### Dataset content:
-- Opening Marker --
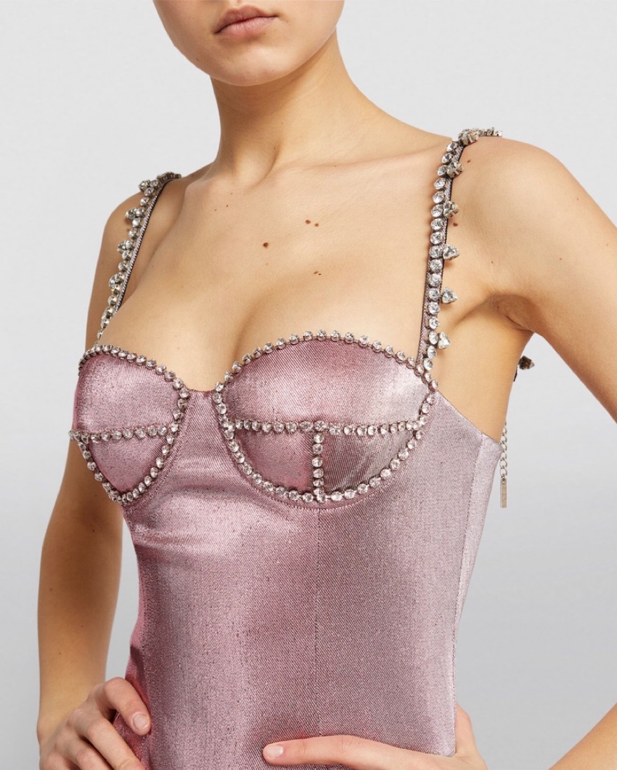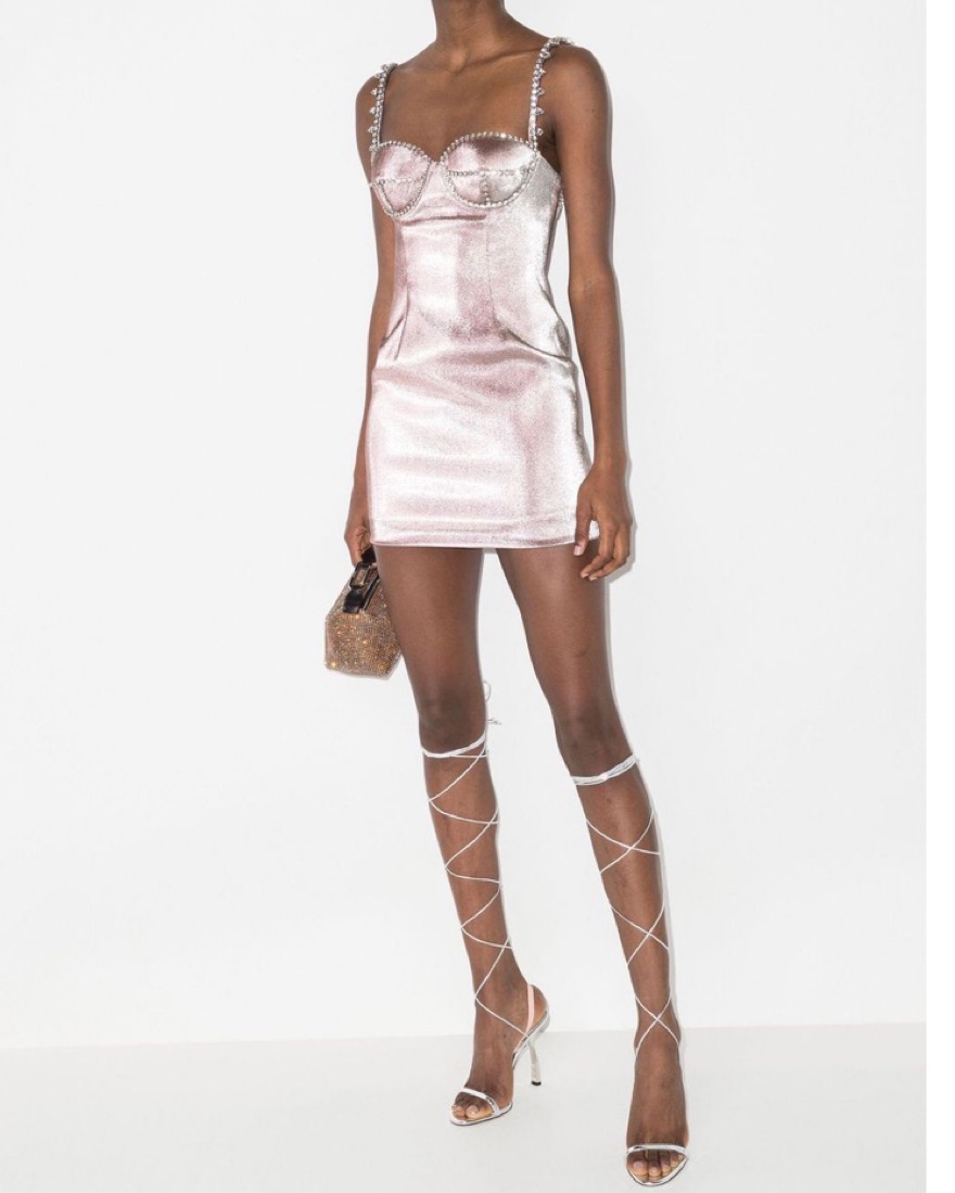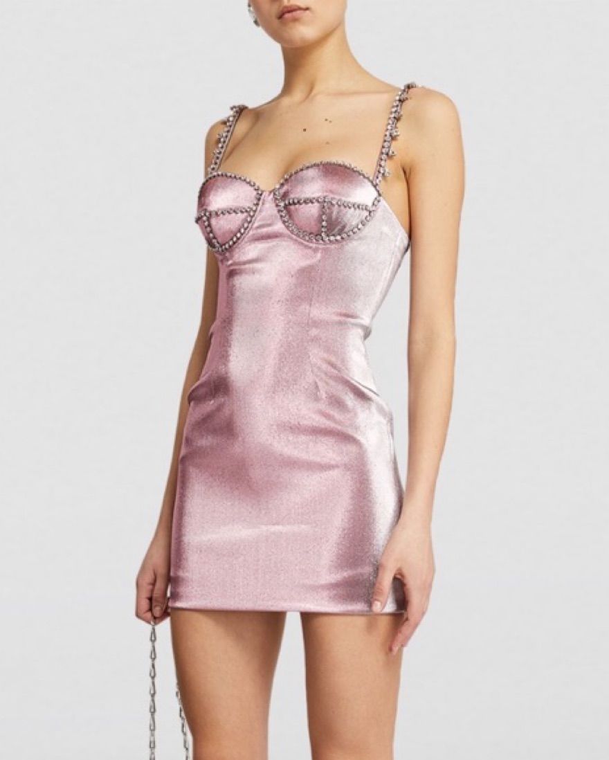 Fits like 0, no size tag. This pink AREA crystal spike mini dress is crafted for a slim fit. The sleeveless design features sparkling embellished shoulder straps, crystal detailing across the bust, silver tone hardware, a sweetheart neckline, rear zip fastening and straight hem.
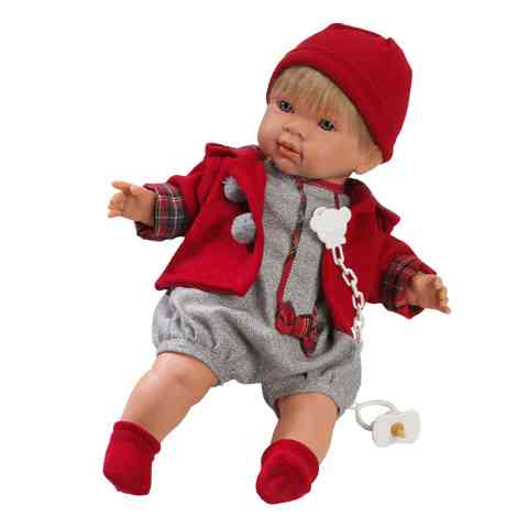 Megállapítható, hogy minden kisbabáknak jól áll a piros szín. Ezt példázza ezt példázza ennek a kedves arcú babának a ruházata is, hiszen sapkája, zoknija és kapucnis felsője is egyszínű piros. A rugdalózó báját emeli a kockás anyagból készült masni felvarró, melynek mintázata megegyezik a kapucnis felső kézelőjén lévő mintázattal. A baba műanyag részei puha, gyermekbarát anyagból készültek, teste pedig textilből. A tesben van elhelyezve a szerkezet az elemekkel, melyek képessé teszik a babát a síró hang kiadásra. A baba a sírást akkor hagyja abba, ha a cumit a szájába helyezzük.
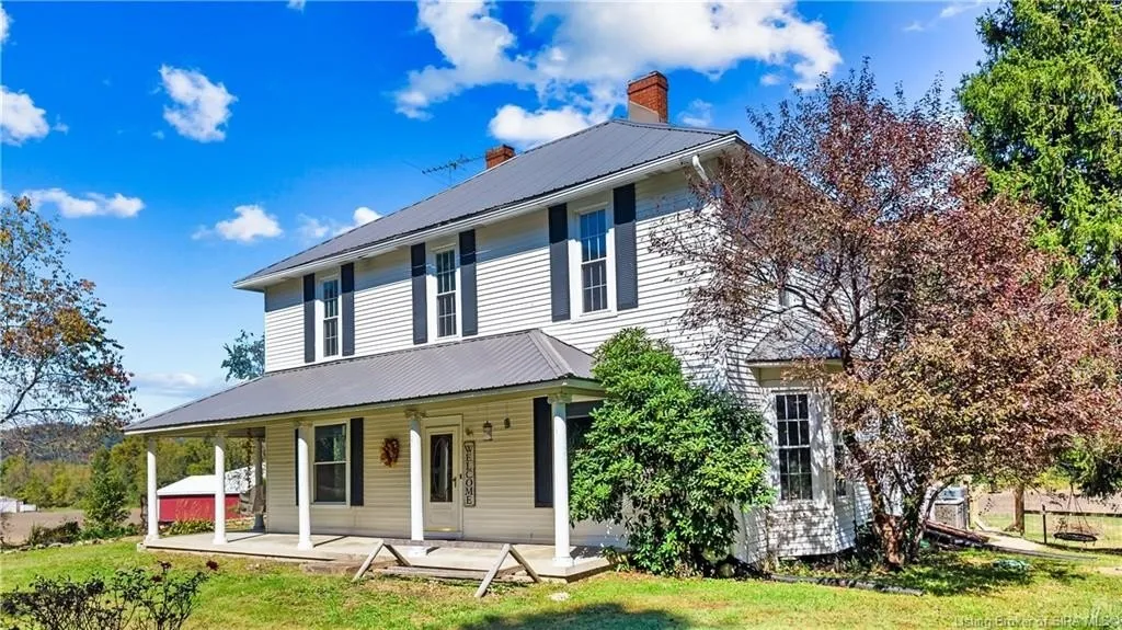 3 Miles from Hubers, 3 Miles from Deem Lake, 8 Miles to Covered Bridge Golf Course. Easy access to town with a little patch of land to call your own! Magnetized by the charm of an older farm house with no neighbors? Can you picture yourself sitting on the partial wrap-around, covered porch, swinging, reading your favorite book, watching the sunset? Sitting on close to 2 acres the picturesque view of this lovely 5 bedroom home will be sure to delight. Having a grand wooden staircase, beautiful original hardwood flooring, decorative fireplaces, oversized rooms, a window seat/reading nook, and an enclosed sunroom, there is so much being offered. The lengthy driveway and spacious dining room with large kitchen and pantry are great for family/friends gatherings and will be a nice benefit to the upcoming holiday entertainment season. The tall ceilings also allow you to bring home an impressive Christmas tree! Each floor has its own HVAC unit. The unit for downstairs was replaced in 2025 and the upstairs is just 8 years old. 3 Energy Star picture windows have been added. The roof was replaced in December of 2020. A decorative water pump is just beyond the front porch. Nice size deck overlooks the fully fenced in backyard and fire pit. Call today for your personal showing!
-- Closing Marker --
Pictures are not part of the copy. Please reproduce the material word for word.

 Fits like 0, no size tag. This pink AREA crystal spike mini dress is crafted for a slim fit. The sleeveless design features sparkling embellished shoulder straps, crystal detailing across the bust, silver tone hardware, a sweetheart neckline, rear zip fastening and straight hem.
 Megállapítható, hogy minden kisbabáknak jól áll a piros szín. Ezt példázza ezt példázza ennek a kedves arcú babának a ruházata is, hiszen sapkája, zoknija és kapucnis felsője is egyszínű piros. A rugdalózó báját emeli a kockás anyagból készült masni felvarró, melynek mintázata megegyezik a kapucnis felső kézelőjén lévő mintázattal. A baba műanyag részei puha, gyermekbarát anyagból készültek, teste pedig textilből. A tesben van elhelyezve a szerkezet az elemekkel, melyek képessé teszik a babát a síró hang kiadásra. A baba a sírást akkor hagyja abba, ha a cumit a szájába helyezzük.
 3 Miles from Hubers, 3 Miles from Deem Lake, 8 Miles to Covered Bridge Golf Course. Easy access to town with a little patch of land to call your own! Magnetized by the charm of an older farm house with no neighbors? Can you picture yourself sitting on the partial wrap-around, covered porch, swinging, reading your favorite book, watching the sunset? Sitting on close to 2 acres the picturesque view of this lovely 5 bedroom home will be sure to delight. Having a grand wooden staircase, beautiful original hardwood flooring, decorative fireplaces, oversized rooms, a window seat/reading nook, and an enclosed sunroom, there is so much being offered. The lengthy driveway and spacious dining room with large kitchen and pantry are great for family/friends gatherings and will be a nice benefit to the upcoming holiday entertainment season. The tall ceilings also allow you to bring home an impressive Christmas tree! Each floor has its own HVAC unit. The unit for downstairs was replaced in 2025 and the upstairs is just 8 years old. 3 Energy Star picture windows have been added. The roof was replaced in December of 2020. A decorative water pump is just beyond the front porch. Nice size deck overlooks the fully fenced in backyard and fire pit. Call today for your personal showing!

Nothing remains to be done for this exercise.